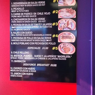 Special #7. 12" tortilla shell, steak, pork, Spanish rice, jalapeños, fried potatoes, onions, cheese and sour cream
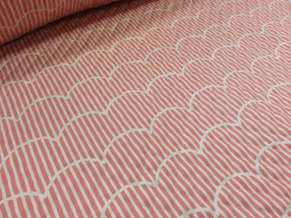北欧風ストライプ&ウェーブ ピンク キルト キルティング 生地 布地 プリント コットン 入園 男の子
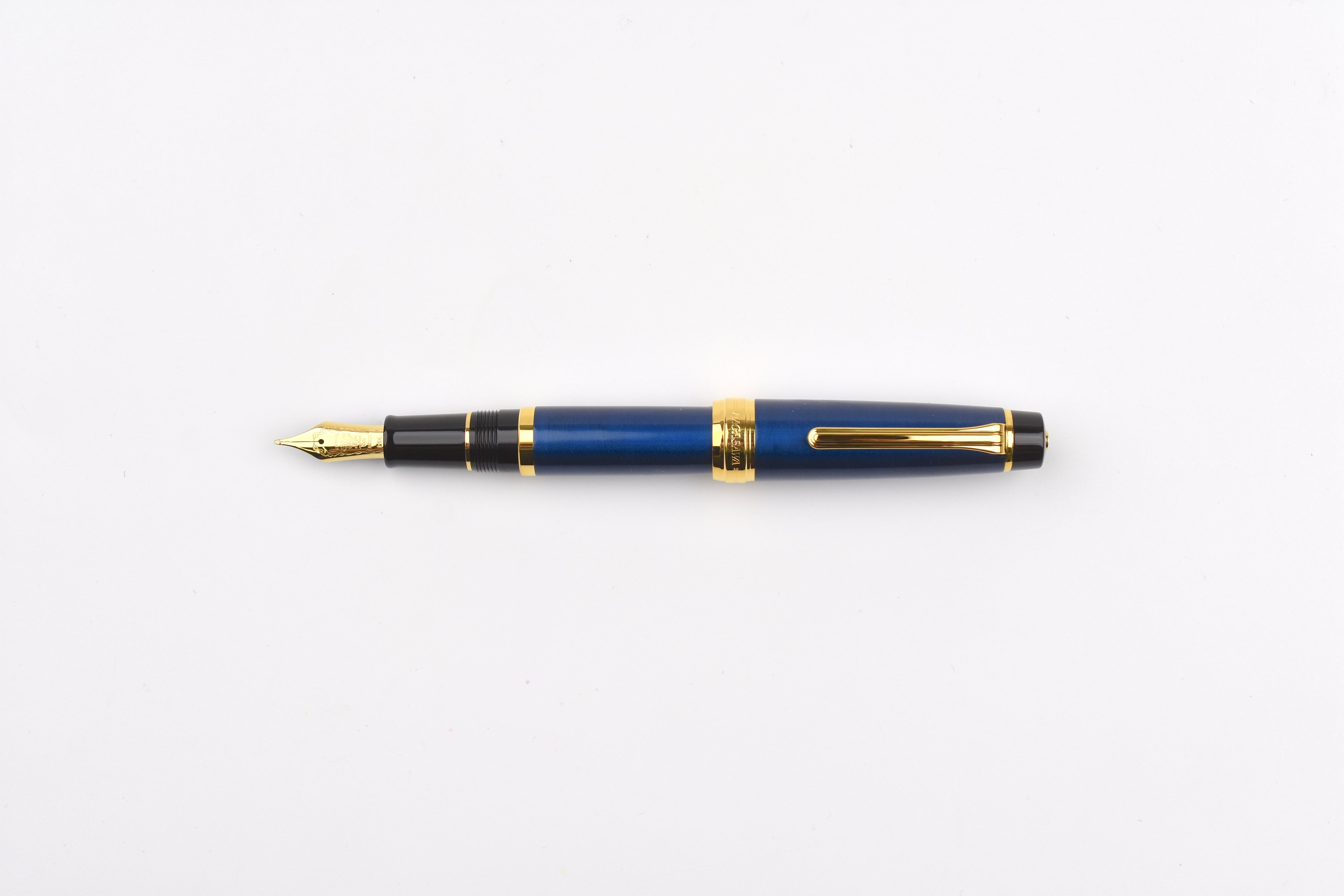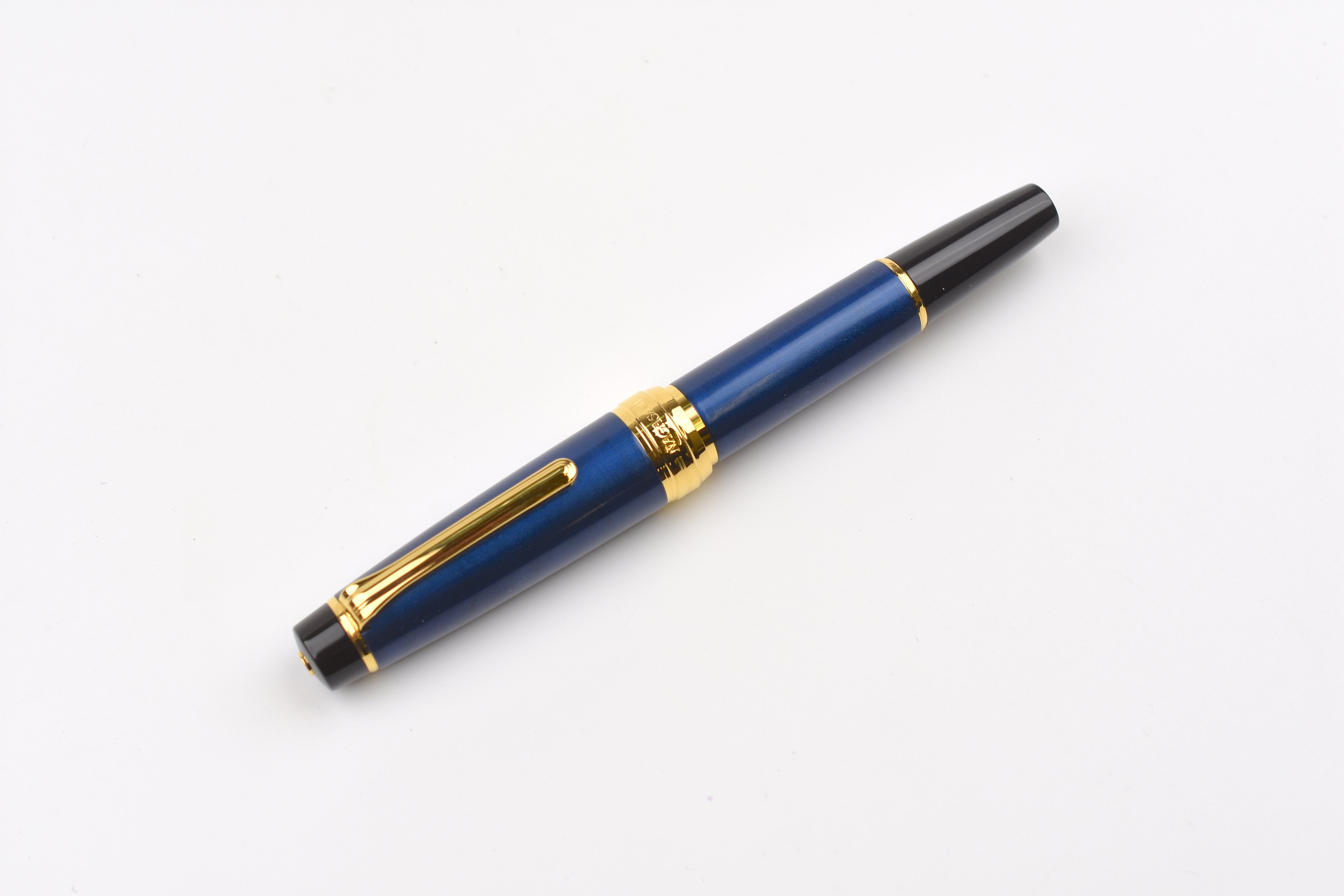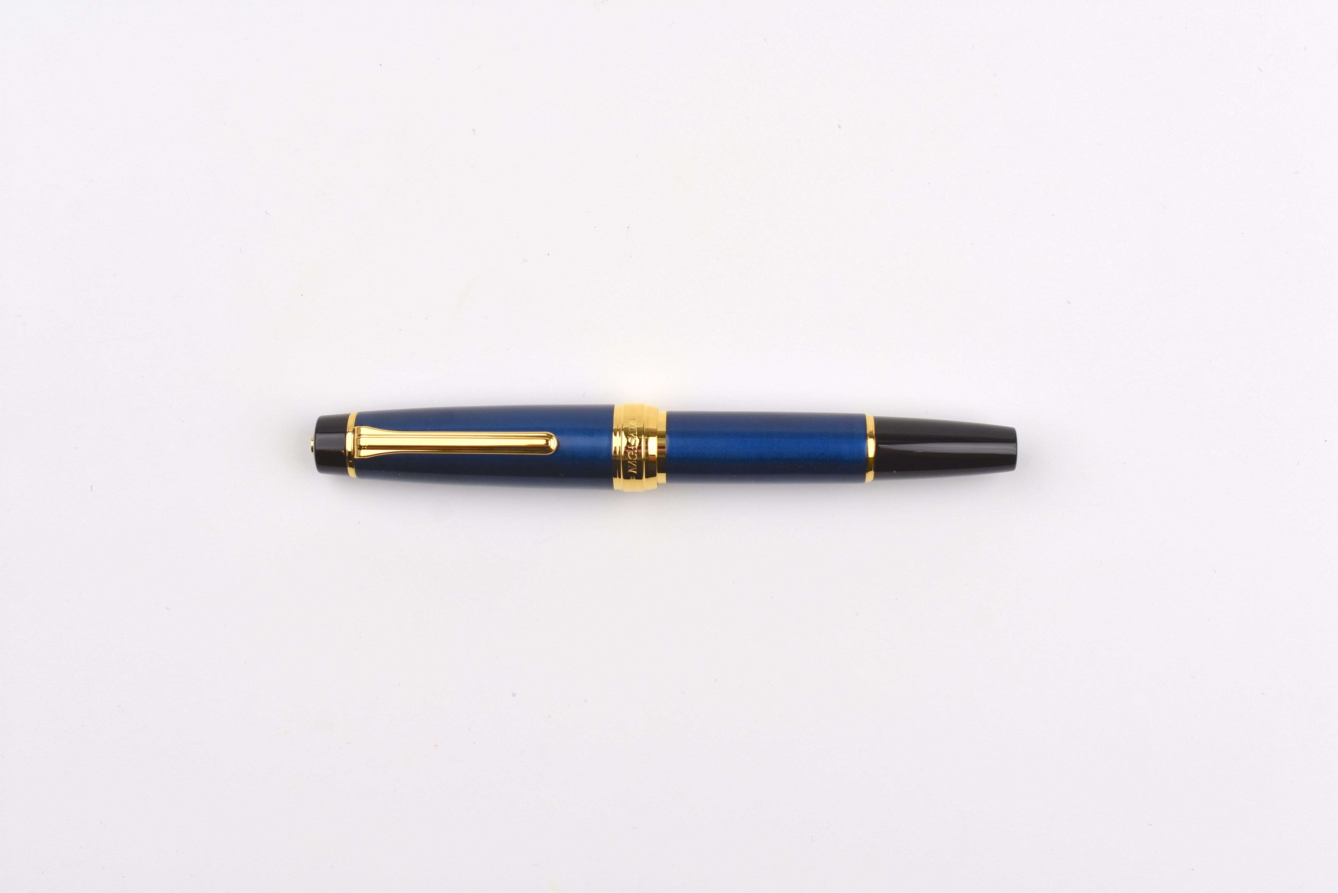 The Kitanozaka's deep, transparent blue finish pays homage to Nagasawa’s original "#38 Kitanosaka Night Blue" ink—an elegant shade reminiscent of the serene night sky over Kitanozaka. Equipped with a specialty Naginata Togi nib, the pen is specifically designed to enhance the beauty of Japanese Kanji writing, rich in tome, hane, and harai strokes. The unique curvature of the nib allows for expressive line variation, producing bold strokes when angled low and delicate thin lines when held upright. As a mark of authenticity and heritage, the nib is engraved with a weathervane—an emblem found exclusively on Nagasawa’s original fountain pens.

**What you should do**
Give back, exactly as written, the lines from the top of the material above to the line containing "北欧風ストライプ&ウェーブ ピンク キルト", both included; skip every picture.

**Answer to this exercise**
 Special #7. 12" tortilla shell, steak, pork, Spanish rice, jalapeños, fried potatoes, onions, cheese and sour cream
北欧風ストライプ&ウェーブ ピンク キルト キルティング 生地 布地 プリント コットン 入園 男の子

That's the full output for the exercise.